NSEC22 VFCrypter - Sat, May 28, 2022 - Barberousse
VFCrypter
Part 1
We have a .vbe
file. Wtf is this? file
doesn’t know either
$ file VFCrypter/ogeliruhg.vbe
VFCrypter/ogeliruhg.vbe: data
Fortunately, binwalk does
binwalk VFCrypter/ogeliruhg.vbe
DECIMAL HEXADECIMAL DESCRIPTION
--------------------------------------------------------------------------------
0 0x0 Windows Script Encoded Data (screnc.exe)
It turns out that screnc.exe
is the Microsoft Script Encoder. Basically an obfuscator for VBS. Some brave souls have already created scripts to decode these
Running the script on our vbe gives us some very ugly vbs. After some prettifying, it looks like this:
Function print(S)
WScript.Echo s
End Function
Function md5haShBytes(aBYtes)
Dim MD5
Set mD5 = CreateObject("System.Security.Cryptography.MD5CryptoServiceProvider")
MD5.initialiZe()
md5hashByTes = MD5.ComputeHasH_2((aBytes))
End Function
Function StringToUTfBytes(aStrinG)
Dim uTf8
Set UTf8 = CreateObject("System.Text.UTF8Encoding")
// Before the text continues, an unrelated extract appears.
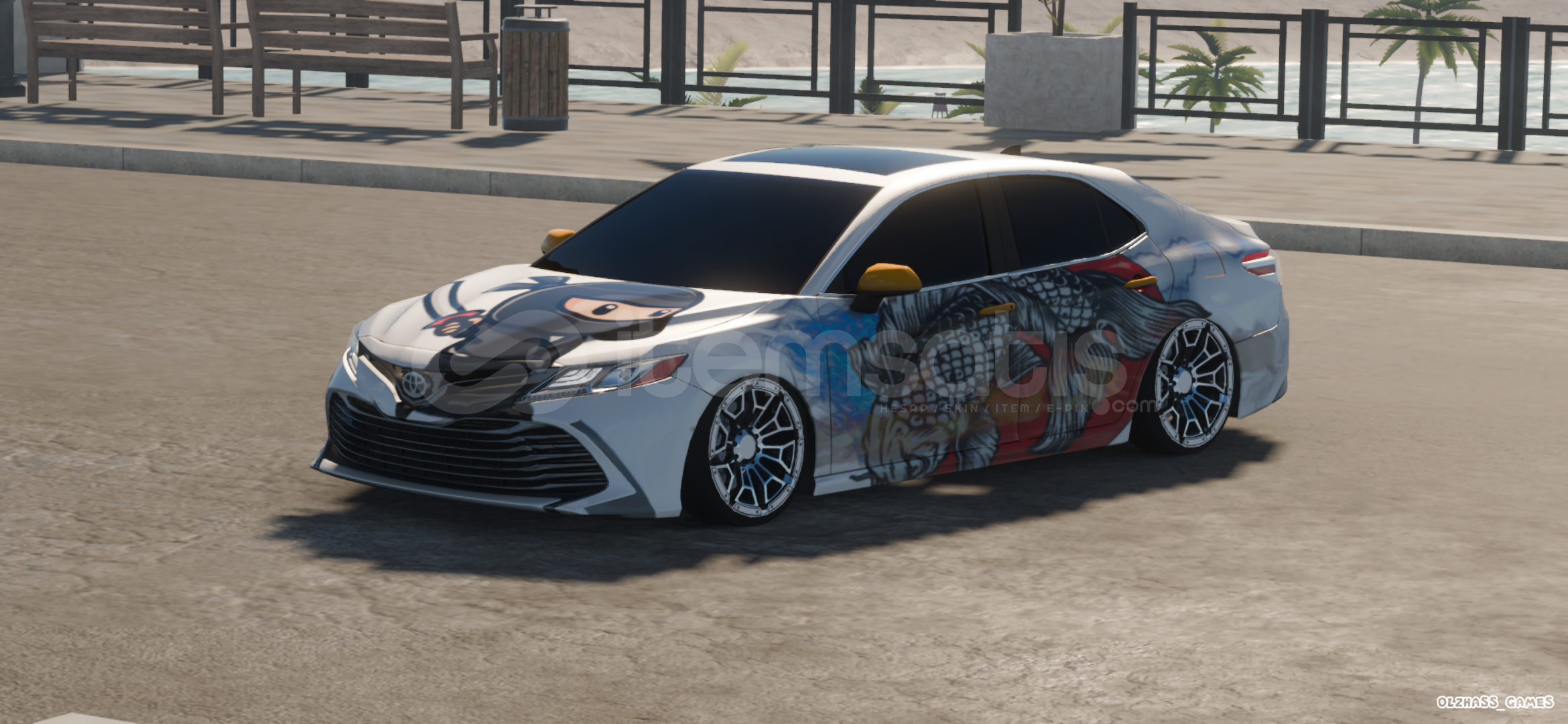 Çizimli logolu plakalı corolla 1500 hp uüklü motor dekorluk ilgi çeken bir araç

StringToUTfBytes = UTF8.GetBytes_4(aString)
End Function
Function bytestoHex(abytes)
Dim hExStr,x
For X = 1 To lenb(abytES)
heXStr = Hex(ascb(midb((ABytes),x,1)))
If Len(hexSTr) = 1 Then HexStR = "0" & Hexstr End If
byTesToHex = byTesTOHex & hexStr
Next
End Function
Dim DomaiN_hash
Dim good
gooD = 1
Set WshSheLl = CreateObject("WScript.Shell")
STRUserDOmain = wsHshell.ExpAnDENvironmEnTStrings("%USERDOMAIN%")
If strUserDomaiN = "5444595F15F45DBA6AC80502424541CE" Then
pRint("FLAG-" & ByTesTOHex(md5hashBytes(strinGTouTFByteS("rhbmjhb" & strUsErDomaiN))))
Good = 1
End If
If Good = 1 Then outfiLE = WScript.CreateObject("Scripting.FileSystemObject").GeTSpecIalFolder(2) & "\liuhfleriuh.exe"
Set objFSO = CreateObject("Scripting.FileSystemObject")
Set obJfile = ObjFSO.CReatetexTFile(OUtFile,True)
objFile.Write [...]
objFile.close
Dim objShell,oExec
Set objshelL = WScript.CreateObject("wscript.shell")
Set oExec = obJshell.Exec(OutFIle)
End If
It checks if %USERDOMAIN%
is equal to some value. If it is, the script gives us a flag, writes a PE file to <temp>\\liuhfleriuh.exe
and executes it.
However, there are a few issues with the script:
- The
good
variable is always 1, so the PE file will be created whether or not the check passes. This is good for us. %USERDOMAIN
is an environment variable that contains the name of the domain to which the current user is connected (or the computer name for a locall account). The maximum length of this name is 15 characters, so it can never be equal to5444595F15F45DBA6AC80502424541CE
(I got confirmation from the challenge designer that this was supposed to be the MD5 hash of the domain name but there was a mistake).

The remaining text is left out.